- Born: Vidadi Muradov 5 March 1956 Barda, Azerbaijan SSR, Soviet Union
- Died: 5 November 2021 (aged 65)
- Awards: Shohrat Order
- Scientific career
- Fields: Carpets

= Vidadi Muradov =

Azerbaijani artist (1956–2021)

Vidadi Aydin oglu Muradov (5 March 1956 – 5 November 2021) was an Azerbaijani carpet specialist and academic.

==Life==
Vidadi Muradov was born on 5 March 1956 in Barda city of the Republic of Azerbaijan. During 1974–1980 he studied at the Moscow Cooperative Institute, Economy Faculty, to obtain a degree in the "Organization of Economy." From 1980 until 1994, he worked at different organizations of the republic as an economist. From 2006 until his death in 2021, he was the consultant of the Affairs Office of the President of the Republic of Azerbaijan.

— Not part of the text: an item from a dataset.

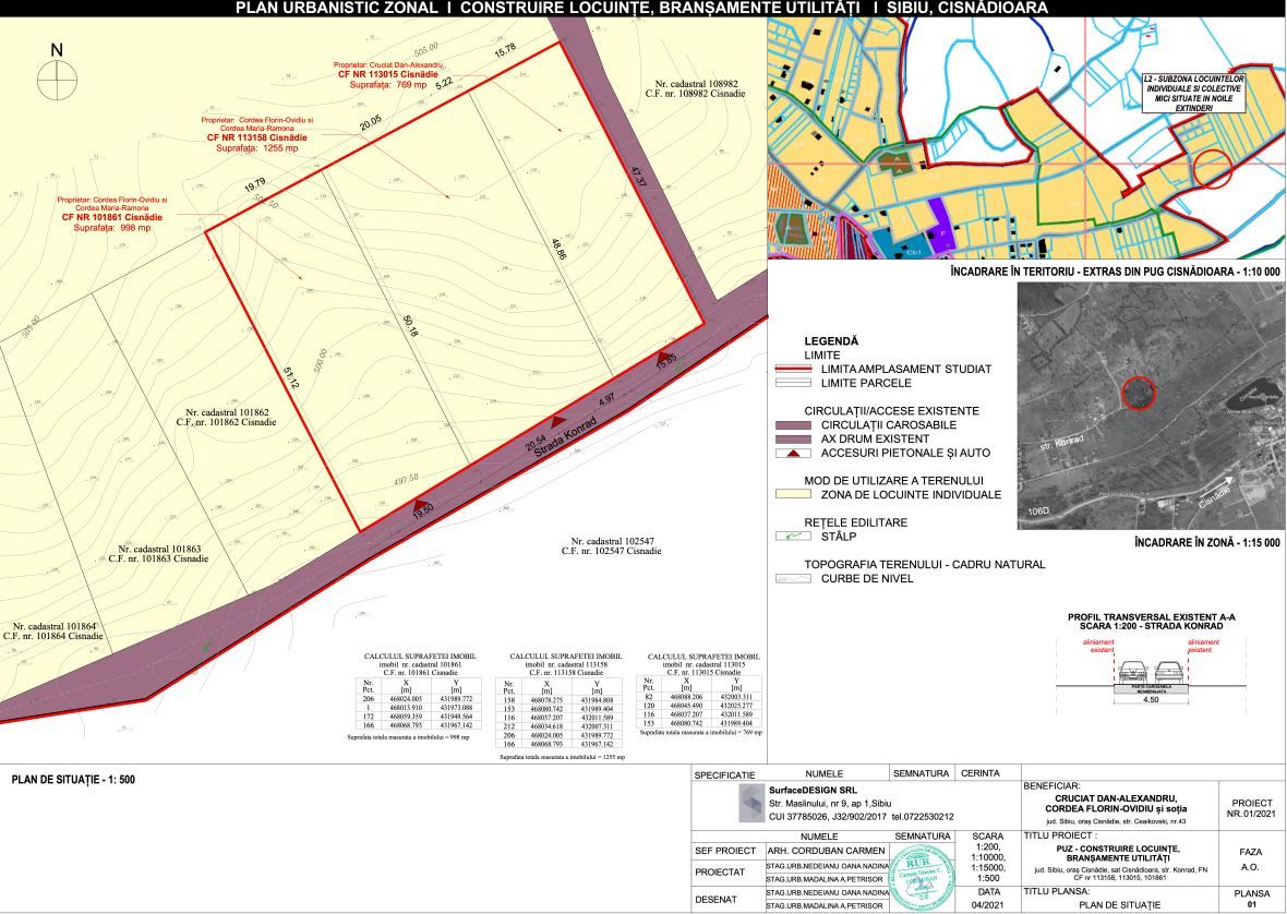 - Primul P.U.Z se află în Cisnădioara, pe strada Konrad și are o suprafață de 5809 mp. Se vor construi locuințe individuale cu un etaj sau mansardă.
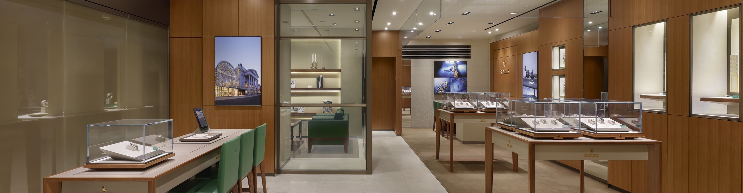 جُهّز متجرنا الحصري بالأثاث وزُيّن بالكامل بتصاميم داخلية مذهلة أبدعتها رولكس بجنيف في إشادة بالشراكة العريقة التي تجمع بين العلامة التجارية وROLEX BOUTIQUE

He was the founder of the scientific research and production center "Azer-Ilme," founded in October 1994. The objective of "Azer-Ilme" is to restore long-forgotten designs, produce high-quality carpets, and publicize the Azerbaijani carpets decorating a number of private collections and world museums.
A member of the "Yeni Azerbaijan" Party,
he was married and has three children.

In early 2021, Muradov was arrested and put under house arrest under charges of corruption and embezzlement. He later died on 5 November 2021 from cancer.